Re: rdf.rb/spira bulk read question from Gregg Kellogg on 2011-03-02 (public-rdf-ruby@w3.org from March 2011)

From: Gregg Kellogg <gregg@kellogg-assoc.com>
Date: Wed, 2 Mar 2011 11:07:39 -0500
To: Ben Lavender <blavender@gmail.com>
CC: Greg Lappen <greg@lapcominc.com>, Gabor Ratky <gabor@secretsaucepartners.com>, "public-rdf-ruby@w3.org" <public-rdf-ruby@w3.org>
Message-ID: <D42D062C-85BC-4C43-A2E0-2DD70D9CA4AA@kellogg-assoc.com>

BTW, RDF::Query only uses the repo query_pattern for the first filter. After that it uses the Queryable implementation, as it's operating on a solution set. Having the Repo do the entire execute is the only way I can see to move the work into the repo.

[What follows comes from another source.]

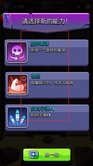4、从【旋转毒球】等能力中选择其一,获取新技能,增强角色的战斗能力。
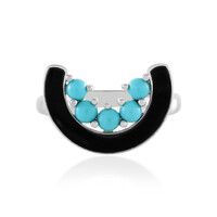 Discover the allure of the Sleeping Beauty Turquoise Silver Ring. Featuring five stunning round cabochon turquoise gemstones from the USA, this ring offers a total carat weight of 0.59 ct. The 925 sterling silver is plated for added brilliance, complementing the vibrant blue hues. Perfect for a chic daytime look or an elegant evening ensemble, it's a versatile addition to any jewelry collection.

Note that we're getting fairly close to a complete SPARQL 1.0 implementation for RDF.rb, which depends extensively on the performance of Query#execute.

Gregg Kellogg

Sent from my iPad

On Mar 2, 2011, at 7:51 AM, "Ben Lavender" <blavender@gmail.com> wrote:

> Currently, that is a correct understanding. I think we'd be willing to
> accept a patch that checks if the given queryable has its own
> implementation of Query#execute and uses that if found, and the
> default if not. That should maybe even be the default, making
> Query#execute call out to some method on Queryable that holds the
> current BGP logic, which implementations can overwrite.
> 
> OTOH most implementations won't be able to do anything much more
> effectively than the default algorithm. It is what it is.
> 
> If replication is your main goal, I'd suggest that several stores,
> i.e. Sesame, can quite effectively use MySQL as a backend and you
> could use that replication.
> 
> Ben
> 
> On Wed, Mar 2, 2011 at 9:37 AM, Greg Lappen <greg@lapcominc.com> wrote:
>> Yes, not only am I using ipublic/rdf-couchdb, I WROTE it!  I'm pleasantly
>> surprised to find that someone else has tried to use it, ha!
>> I'd love input on how to make the implementation less naive...I have
>> implemented the query_pattern method to use couchdb views instead of
>> iterating over the entire repo, but is there more to it?  I think the
>> looping behavior on the graph queries is a consequence of the graph query
>> implementation, not the backend, right?
>> 
>> On Wed, Mar 2, 2011 at 10:31 AM, Gabor Ratky <gabor@secretsaucepartners.com>
>> wrote:
>>> 
>>> Are you using Dan Thomas' rdf-couchdb project?
>>> (https://github.com/ipublic/rdf-couchdb) I've found the project a naive
>>> RDF::Repository implementation on top of CouchDB in many ways. Great proof
>>> of concept with rdf-spec tests passing, but definitely needs work,
>>> especially in the 'efficient querying' space, IMHO.
>>> Are you taking a hard dependency on CouchDB in other parts of your
>>> architecture (like us), or just chose it as an RDF repository?
>>> Gabor
>>> On Mar 2, 2011, at 3:20 PM, Greg Lappen wrote:
>>> 
>>> Hi all,
>>> We are making good progress with our project, and I've gotten to the point
>>> where I am storing datasets in our rdf repository (rdf.rb based, implemented
>>> on couchdb).  Now I'm building a page that allows the data to be exported in
>>> various formats (xml, csv, etc), but when I iterate over all of the data, it
>>> is extremely slow.  I see Spira querying the repository once for each
>>> instance when I iterate using the model's "each" method.  I understand why,
>>> I'm just wondering if there's a faster way to query all of the instances of
>>> a Spira class.  One thought we had was to use a graph query instead, which
>>> would pull out all the properties in N queries (where N is the number of
>>> properties in the class).  In the example I'm trying, this would be 23
>>> queries, which is better than hundreds or thousands of queries. Is this as
>>> good as it gets?  I'm accustomed to working with RDBMS and ActiveRecord, so
>>> I may just have to shift my expectations a bit, but thought I would ask the
>>> group if there's something I'm missing....thanks as always,
>>> Greg
>> 
>> 
>

Received on Wednesday, 2 March 2011 16:07:06 UTC